As explained in Treasury's press release, the new regime is focused on addressing national security threats posed by certain US outbound investments involving covered national security technology or products that contribute capital as well as intangible benefits, which can enhance China's military, intelligence, surveillance, or cyber-enabled capabilities.
The Final Rule reflects Treasury's consideration of public comments received in response to the June 21, 2024 Notice of Proposed Rulemaking (discussed here) and August 9, 2023 Advanced Notice of Proposed Rulemaking (discussed here) and promulgates final regulations that refine key terms, concepts, and exceptions developed over the course of the rulemaking process.
Below we highlight a number of takeaways for industry and key provisions in the Final Rule.
Key Takeaways for Industry
- The outbound investment regime will have a significant impact on a range of actors involved in investments relating to covered national security technology or products, including both US and non-US persons.

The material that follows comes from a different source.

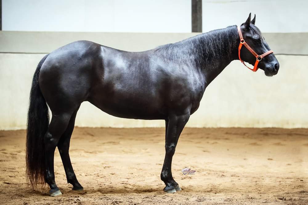 A lovley young mare, trained for cutting so can be put back into work if you wish, we sold her 2 year old filly by Pepto for $25k and she showed great potental on cattle but she was lost to colic. We are keeping her yearling filly by Twice In A Blue Boon who we losy last year. This mare is trained on cattle and can be brought back into work should you wish. I showed Freckles Bonita Two to Reserve Champion in the NCHA Open Derby and she went on to be a leading producer of Cutting horses as the dam of QXH Bonitas Two sired by Peptos Stylish Oak so the resulting foal here will be a 3/4 sister to QXH Bonitas Two. The Hysdrive mares are proving them selves as great producing mares so a young mare like this in foal to Pepto should not be missed. Update, FQH Midnight Drives half sister just won the Open Cutting Derby at the 2024 NCHA National Finals.

Many transactions directly implicating the outbound investment rules may result in the parties choosing not to proceed with the transaction, due to a prohibition or a risk-based preference not to have to submit a required notification, so it may take some time before the full impact is understood.
- It may be difficult, in practice, given the broad knowledge standard and related due diligence obligations, for US persons to determine whether a target is a "covered foreign person" and, if so, whether a transaction is prohibited or notifiable. US persons must undertake a "reasonable and diligent inquiry" in light of the "totality of relevant facts and circumstances." This broad and indeterminate standard is likely to create uncertainty for at least some investments and could lead to a chilling effect on investment in China by US persons in the covered sectors.

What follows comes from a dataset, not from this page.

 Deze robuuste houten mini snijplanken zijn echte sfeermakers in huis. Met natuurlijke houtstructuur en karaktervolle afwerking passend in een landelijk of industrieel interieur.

- Although the final regulations target only certain sensitive industries and not the entire Chinese economy, the regulations apply to a wide range of investment activity, including the acquisition of an equity interest or contingent equity interest; the conversion of a contingent equity interest; certain loans or similar debt financing; the establishment of certain joint ventures; certain greenfield or brownfield investments; and certain limited partner investments in a pooled investment vehicle.
- The final regulations contain a number of important exceptions, including, for example, exceptions related to publicly traded securities, certain intracompany transfers, and employee compensation in the form of stock or stock options, among others. The final regulations also except US person limited partner investments of not more than two million dollars into a pooled investment fund or limited partner investments where the US person has obtained a "binding contractual assurance" that its capital will not be used to engage in a transaction that would be a prohibited transaction or notifiable transaction if engaged in by a US person. In practice, many transactions by larger or institutional limited partner investors may not be eligible for this exception, given the two-million-dollar threshold.
- The regulations will apply directly to US persons, but may also have a significant indirect impact on non-US entities by requiring US persons to prevent their controlled foreign entities from engaging in a transaction that would be prohibited if engaged in by a US person and to file a notice if their controlled foreign entity engages in a transaction that would be notifiable if engaged in by a US person. Similarly, US persons may not knowingly direct a foreign entity to engage in a transaction that would be prohibited if undertaken by a US person. US persons can recuse themselves from certain activities in order to avoid directing a prohibited transaction. Implementing an effective US person recusal process may also present its own challenges.
- Companies in the semiconductor, quantum, and AI sectors, particularly those with US person investors, employees, officers, or directors, as well as entities that invest in those sectors should consider developing a compliance program to avoid inadvertent violations of the rules and be able to demonstrate to Treasury that appropriate due diligence was undertaken, should the need arise.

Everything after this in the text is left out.